At approximately 13:00, a table on one of our read-only database servers became locked with an InnoDB table metadata lock. There was no corresponding database thread owning the lock which caused the table to become deadlocked. Over the next 25 minutes, requests to update that table failed, entered a wait state, and remained in that state indefinitely.
At 13:26, the number of web requests waiting for a response from the database reached a critical point where all available servers were fully saturated with requests. Our internal monitoring alerted us to this and our incident response process was triggered.
Multiple steps were taken to mitigate the impact of the issue, including adding additional capacity to the infrastructure, but each time we did this the issues followed again within minutes.
Once we had determined that the root cause was linked to an issue with a server in the database cluster, the server was rebooted and the dangling connections on the web servers were terminated. A few minutes after this at 14:01 the web servers started processing requests again restoring service to the majority of clients, with full service for all clients restored at 14:09.
During this incident, we were also experiencing a suspected DDoS with a significant increase in traffic from a large number of IP addresses in Hong Kong. Our data at the time implied this might have been the root cause of the issue and the requests were blocked. While this did end up being unrelated, the additional traffic added an extra level of complexity to the incident.

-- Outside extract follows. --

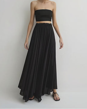 (Tariffs and duties included)The Cremona Maxi Skirt in black is crafted in sheer, lightweight voile for an effortlessly flowing silhouette. This full-length skirt features an elasticated waistband and gentle flare detaillng for a comfortable fit. Perfect for pairing with Cremona Kimono Top in Black.

Following on from discussions about this with our hosting provider, a number of database configuration changes have been implemented, providing us better insight into the underlying processes running on the database when similar events occur. This has also allowed us to alert the on-call team earlier, to give more opportunities to resolve these issues before they have an impact on website visitors.
While we don’t want issues like these to occur, we know that communication with our clients during them is critical. As such, we are continuing to improve our internal tooling to reduce the time it takes to get updates onto our status page.